|Dale fights an uphill battle for humanity's sake...for the last time...|
It's safe to say that Jeffery DeMunn (Dale) OWNED this episode, from start to spectacularly shocking finish, and he actually brought me to tears with the strength of his convictions and words.
He forces us to ask, "what would you do in this situation" and I'm sure some of us came up with not-so-appealing answers. This show has always fought to show the balance between humanity and survival's necessity, but I think this episode really drove the nail home that for this group, there is no clear line. At least, not for everyone.
And as Dale struggles to keep the moral compass of the group pointed right, Daryl steps up and into the limelight again, taking on the mantle of his new role in the group: the one who does what needs to be done, when it needs to be done, for the good of others.
"People need to feel safe.
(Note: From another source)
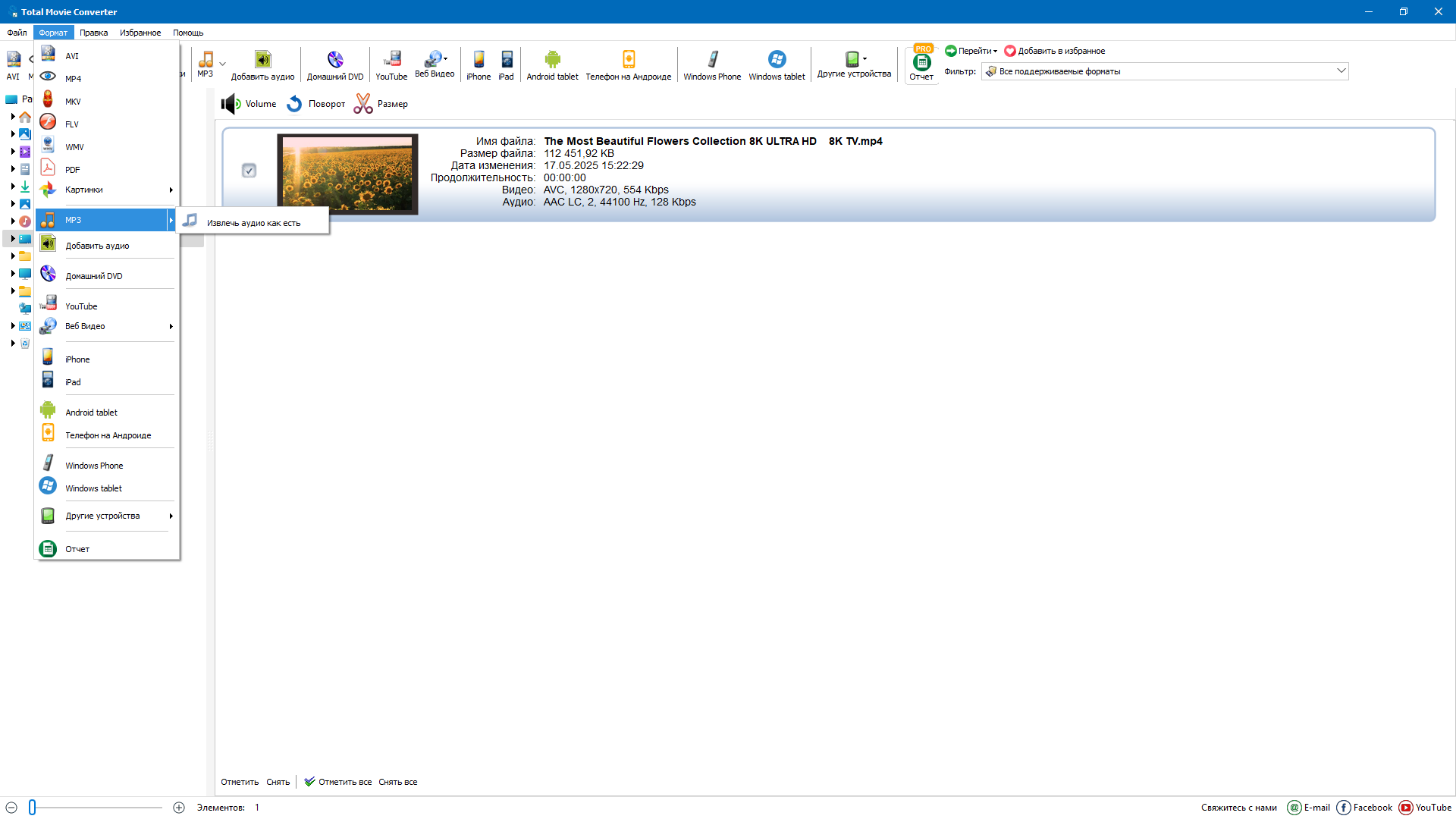 - Конвертирование в AVI, MPG, WMV, MPEG, FLV, MP4, MKV, MOV, 3GP и другие популярные форматы

I own that." [Rick to Dale]
Again Rick carries the weight of a gone-to-hell world on his shoulders, grappling with the knowledge that killing Randall pretty much seals the deal on his transition from a man of conscience, to a man of survival. Apparently in this world, the question is, can there be a happy medium of the two?
But Dale asking him about the message he's sending to Carl is all but prophetic and it's because of Carl that Rick can't end Randall when he's supposed to. Rick also can't get a straight answer out of Lori about whether she supports him on this, which is a portent of doom in my mind, since the woman is playing puppet master with his and Shane's emotions for the rest of this season, to disastrous ends.
"Don't talk. Think." [Rick to Carl - when the kid needs a bad attitude adjustment]
I both love and hate the transition for Carl. Of course the kid is going to make stupid decisions, and of course he can't stay the sweet, soft-spoken kiddo for the rest of the series. This is the world he knows now and Carl is hardening around it.
But it also makes Carl a bit of a liability too, if he's going to go off and entice walkers out of the muck to come wreak havoc on the farm later. So much for thinking first...
Best part for me was when he mouthed off to Carol and she, in turn, snapped Lori's head off. I was literally cheering Carol on for standing up for herself and her opinions and taking Lori down a notch or two.
Without Ed and without Sophia, Carol is discovering the woman she is becoming in the world as well; one that has to speak her mind if she wants to be heard. I so very much hope this new attitude brings about some much needed talking between her and Daryl.
Yes. I am hopelessly biased to adoring Daryl and Carol's connection and cannot wait to see where it leads them.
|Daryl literally takes his new role in hand...|
Dale and Daryl's conversation was so very important. Daryl's still isolating himself from the group at the old homestead area, but for all that he talks about being better on his own, he still sticks around. He still helps out with things like, well, the torture of Randall.
Despite his words meant to shield himself from those hated *feelings*, Daryl sees this group as his now. That was evident in his interrogation of Randall, all them "my boys" and the look on his face when Randall tells him that the men in his group are rapists. And if it seems a bit vicious, well, look at it this way: the guy has been needing something to hit for about 4 episodes now.
Daryl does what needs to be done; what other people don't want to do.
When Rick fails to kill Randall in the barn, I think Daryl makes the decision there that if Rick can't, he will. But all that changes when Dale is attacked. Rick hesitates and Daryl (not Shane!) carefully slips in and takes the gun.
It was a subtle, "I got this man, you done enough" moment and I love Daryl even more for this. He couldn't end Sophia's suffering, but Daryl can do this... he can be useful and needed for something like this.
Daryl will be *needed* even more in the episodes to come, stepping into the number 2 role beside Rick and I so very much can't wait to see it.
Dale's death was horrific to watch and I dare you to admit that you didn't sniffle a little just before Daryl ended his pain. Again, Jeffery DeMunn acting and Greg Nicotero's direction in this episode was golden.
This episode was a spectacular emotional free-for-all and shows us that no one is safe, even someone as beloved as dear old Dale.
It also gives us a glimpse of the psychological directions people are moving as the season ends.
Rick vacillates back and forth between Dirty Harry and The Good Guy.
Shane continues to descend into mutiny, trying to take as many as he can with him.
Glenn is caught between making a new family with the Greenes and his old family of the group.
Carol is becoming stronger, more self sufficient, (but she still needs Daryl and he needs her).
Lori can't have a combination of the two men she wants so she plays puppet master manipulator between the two.
Carl sees that grown up mistakes have grown up consequences.
Andrea sees Shane's side of things, but now she saw Dale's dying wish as well. Which side will she choose?
And Daryl has the biggest transition of all, becoming a leader in the group and discovering that you can't be a leader and still remain detached.
In this world, which way would you go?